The company announced it was selling off its logistics business, will be cutting 20% of its workforce, and posted an unexpected profit in its first quarter.
Shopify
will be selling its logistics business to global logistics company Flexport. Under the transaction, Shopify will receive stock representing a 13% of equity interest in Flexport, on top of its existing equity interest. Flexport will become Shopify’s preferred logistics partner.
As part of the sale, Shopify will be laying off about 20% of its staff, the company said in a press release. The company expects to incur a severance charge of up to $150 million in the second quarter tied to the workforce reduction.
Shopify
(ticker: SHOP) reported first-quarter adjusted earnings of 1 cent a share, better than the Wall Street consensus forecast for a loss of 4 cents. Sales of $1.5 billion jumped 25% from the year-ago quarter, and were ahead of estimates of $1.4 billion.

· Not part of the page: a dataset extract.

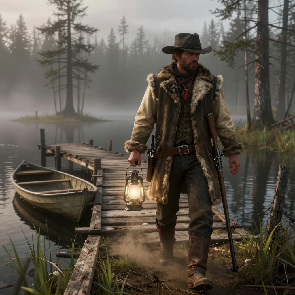 Red dead redemption 2 style, bank escape through narrow alleyways on horseback featuring young gunslinger with neat vest, bandana, and confident glare in misty forest clearing with tall pines and shafts of light, wide panoramic composition with leading lines from road and fences, cinematic western lighting, detailed cowboy clothing, atmospheric particles and depth, no gore, ultra-detailed, 4k
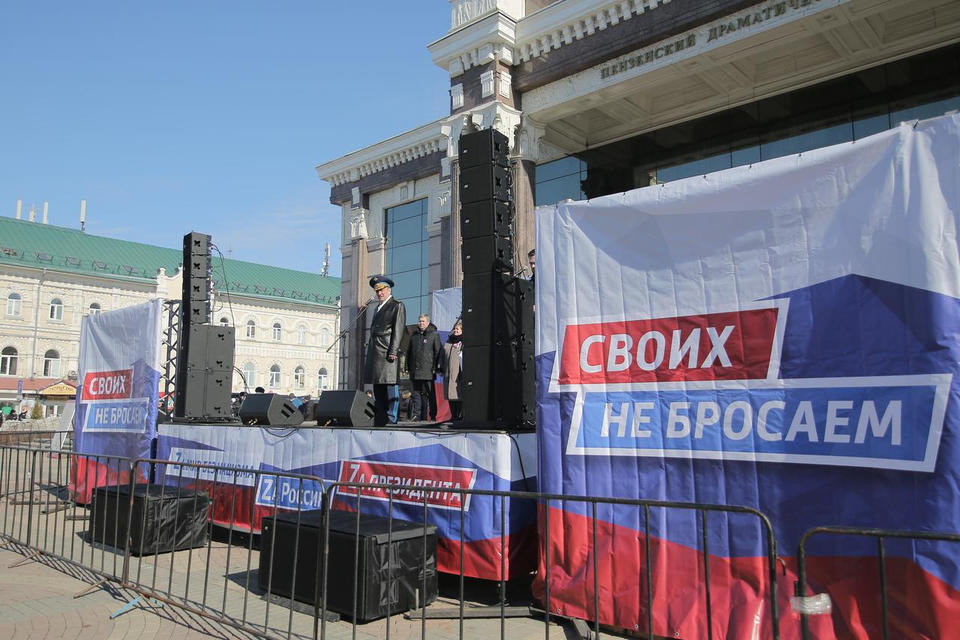 Торжественный митинг, посвящённый 8-ой годовщине воссоединения Крыма с Россией, состоялся 18 марта на Театральной площади города Пензы. Открылся он выступлением артистов «Пензаконцерта». Музыкальный подарок пензенцам преподнесли солист Губернаторской симфонической капеллы Сергей Князев и солистки эстрадно-джазового ансамбля «Экспресс-бэнд» Светлана Бисяева и Анастасия Воробьёва.

Gross merchandise volume on the company’s platform, a key indicator for online retailers, increased 15% to $49.6 billion. Analysts were expecting that figure to come in at $47.7 billion.
The company also provided an update to its second-quarter guidance. Shopify now expects revenue to grow at a similar rate to the first quarter. Wall Street is currently projecting revenue could clock in at $1.57 billion for the June quarter, implying a 9% increase.
Shares of Shopify surged 16% ahead of Thursday’s opening bell, while futures for the
Nasdaq Composite
ticked down 0.1% and the
S&P 500
fell 0.4%. The stock has risen 33% this year.